Normally, we can find the value of m by following these steps:

(1) Calculate the modular inverse of e.
We can make use of the following equation, d = e^(-1)(mod lambda(n)),
where lambda is the Carmichael Totient function.
Read: Carmichael function

(2) Calculate m = pow(c, d)mod(p * q)

(3) We can perform this calculation faster by using the Chinese Remainder Theorem,
as defined below in the function
Further reading on Chinese Remainder Theorem can be done at
RSA (cryptosystem)

Below is the Python implementation of this approach :

# Function to find the gcd of two 

# integers using Euclidean algorithm

def gcd(p, q):

    if q == 0:

        return p

    return gcd(q, p % q)

# Function to find the

# lcm of two integers 

def lcm(p, q):

    return p * q / gcd(p, q)

# Function implementing extended

# euclidean algorithm

def egcd(e, phi):

    if e == 0:

        return (phi, 0, 1)

    else:

        g, y, x = egcd(phi % e, e)

        return (g, x - (phi // e) * y, y)

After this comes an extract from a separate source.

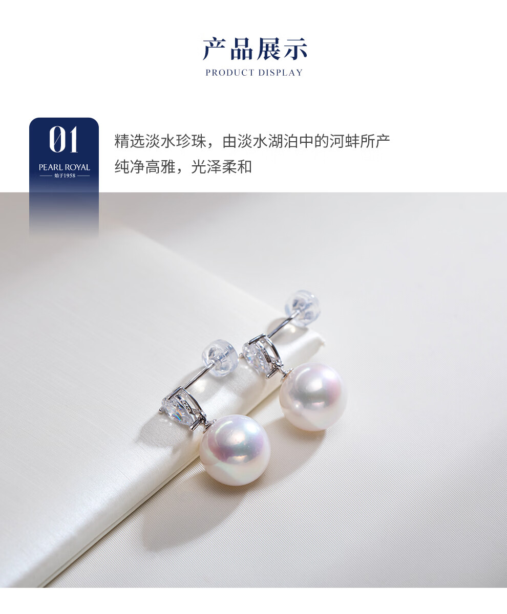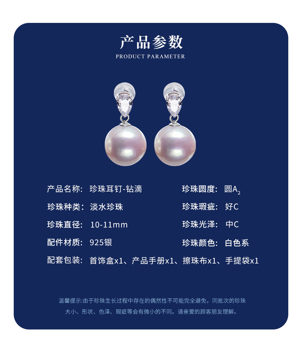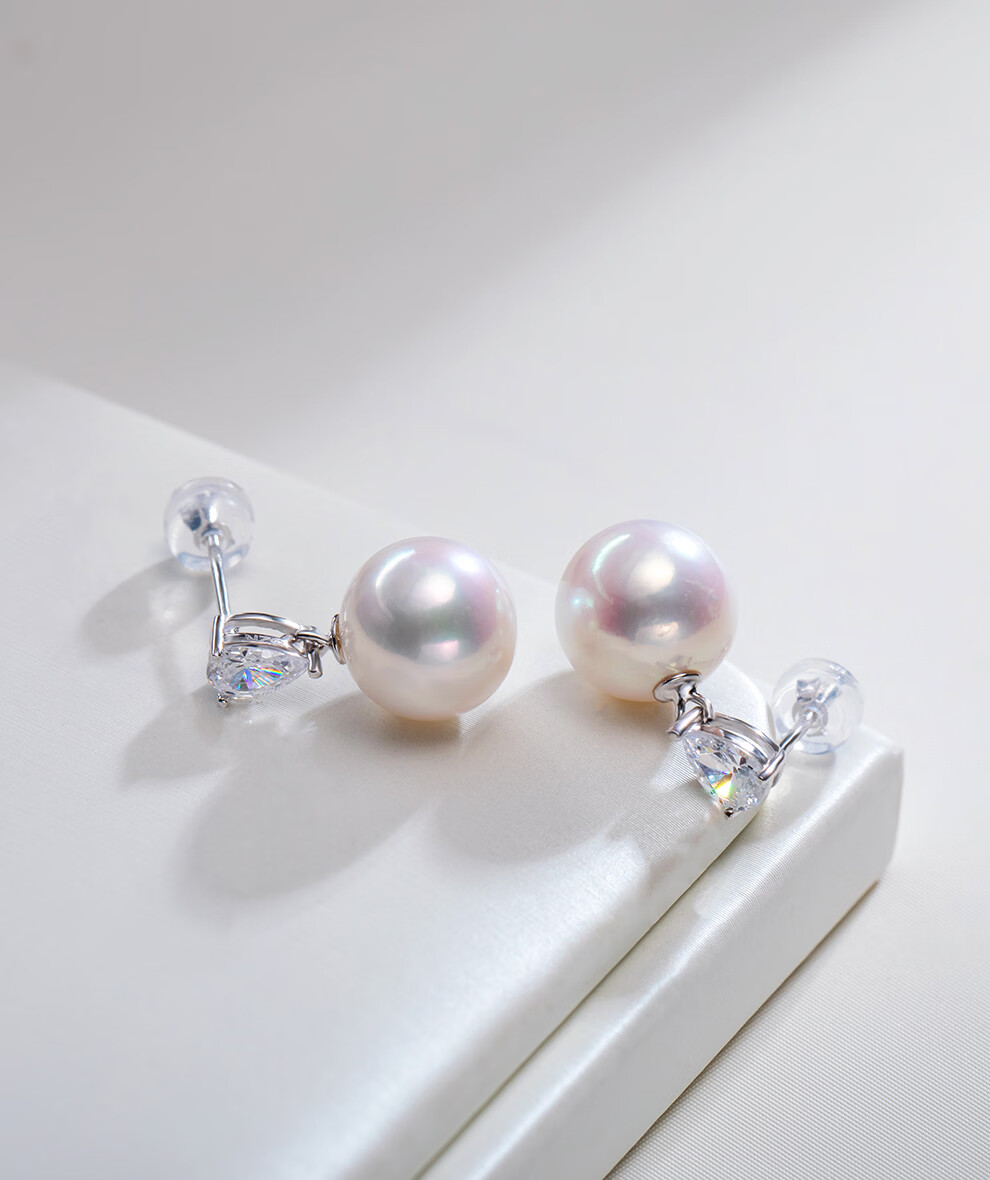 南珠宫钻滴925银淡水珍珠耳环强光圆形高级感生日礼物送老婆 银色款 10.0-11.0mm
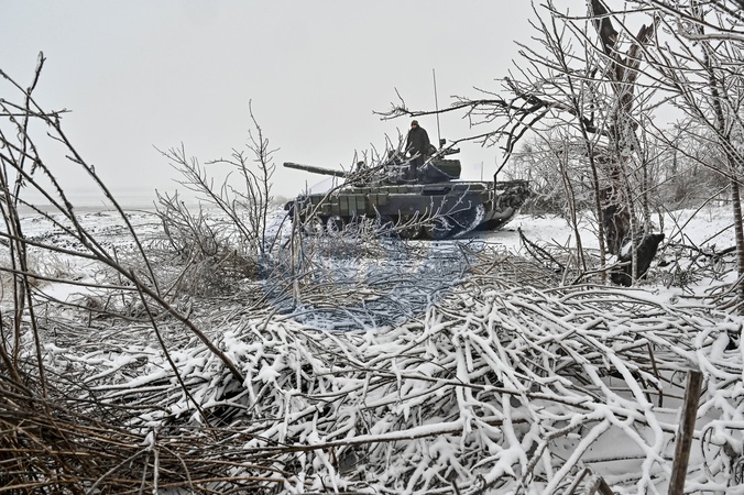 ZAPORIZHZHIA SECTOR, UKRAINE - JANUARY 11, 2024 - A T-72 tank is seen during special training of the soldiers of the 128th separate mountain assault brigade of the Zakarpattia Army of the Armed Forces of Ukraine to maintain professional skills, Zaporizhzhia sector, south-eastern Ukraine., Credit:Dmytro Smolienko / Avalon

# Function to compute the modular inverse

def modinv(e, phi):

    g, x, y = egcd(e, phi)

    return x % phi

# Implementation of the Chinese Remainder Theorem

def chineseremaindertheorem(dq, dp, p, q, c):

    # Message part 1

    m1 = pow(c, dp, p)

    # Message part 2

    m2 = pow(c, dq, q)

    qinv = modinv(q, p)

    h = (qinv * (m1 - m2)) % p

    m = m2 + h * q

    return m

# Driver Code

p = 9817

q = 9907

e = 65537

c = 36076319

d = modinv(e, lcm(p - 1, q - 1))

"""

pow(a, b, c) calculates a raised to power b 

modulus c, at a much faster rate than pow(a, b) % c

Furthermore, we use Chinese Remainder Theorem as it

splits the equation such that we have to calculate two

values whose equations have smaller moduli and exponent  

value, thereby reducing computing time.

"""

dq = pow(d, 1, q - 1)

dp = pow(d, 1, p - 1)

print chineseremaindertheorem(dq, dp, p, q, c)

Output :

41892906